- Born: Robert Neil Sandberg
- Education: Upper Darby High School Princeton University (BA) Yale School of Drama (MFA)
- Occupation: Playwright
- Writing career
- Pen name: R. N. Sandberg

= Robert Sandberg =

American dramatist

Robert Neil Sandberg, known professionally as R. N. Sandberg, is an American playwright and was a lecturer in the Princeton University Lewis Center for the Arts and Department of English. from 1995 to 2022.

A graduate of Upper Darby High School, Sandberg received his B.A. from Princeton University in 1970 and his M.F.A. from the Yale School of Drama at Yale University in 1977.

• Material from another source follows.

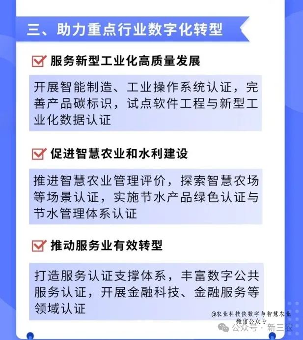 (六)促进智慧农业和水利建设。推进智慧农业管理成熟度认证,促进农业生产智慧转型和农产品加工智能转型。探索开展智慧农场、智慧牧场和智慧渔场数字化场景认证,增强农业生产数字化发展基础能力。推动粮食生产领域认证,支撑种业振兴和粮食安全。实施节水产品绿色认证、节水管理体系认证,推动数字化赋能水利高质量发展。(市场监管总局、水利部、农业农村部、国家数据局按职责分工负责)

Sandberg's plays have been performed in Australia, Canada, England, Japan, Panama, and South Korea as well as throughout the U.S. Theatres that have presented his work include The Barrow Group, Barter Theatre, Dallas Children’s Theatre, Fulton Opera House, George Street Playhouse, Idaho Shakespeare Festival, Indiana Rep, Intiman Theatre, Kennedy Center, Kitchen Dog, La Mama, Merrimack Repertory Theater, New Jersey Rep, New York Music Theatre Festival, New York State Theatre Institute, Open Eye, Passage Theatre Company, Providence Black Rep, Provincetown Playhouse, Seattle Rep, Stage One: Louisville’s Children Theatre, Stages Repertory Theatre and Yale Cabaret.

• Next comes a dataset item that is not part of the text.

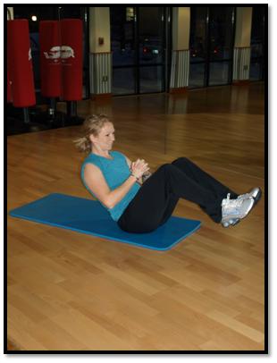 - Clasp hands together and lift feet 6” of the ground and lean back slightly

Sandberg has won several awards for his work. Can’t Believe It won a 2005
Bonderman National Playwriting award. The Trials of the Massachusetts Servants won the American Repertory Theatre’s 2006 Discovering Justice contest. A selection from In Between appeared in Best Stage Scenes 2006. Two monologues from Roundelay are in 2013 The Best Men's Stage Monologues. The Judgment of Bett was included in the volume Kennedy Center New Vision/New Voices: 25 years/25 Plays. His plays are published by Dramatic Publishing and Playscripts, Inc. and include Anne of Green Gables, Convivencia, Done, Frankenstein, Good-bye Dolly, In Between, Jarpteetza/The Firebird, A Little Princess, Martina: Lost and Found, The Moonstone, The Odyssey, and Sara Crewe.

Before joining the Princeton faculty in 1995, he was the Chair of the Theater Department at Cornish College of the Arts in Seattle, Washington.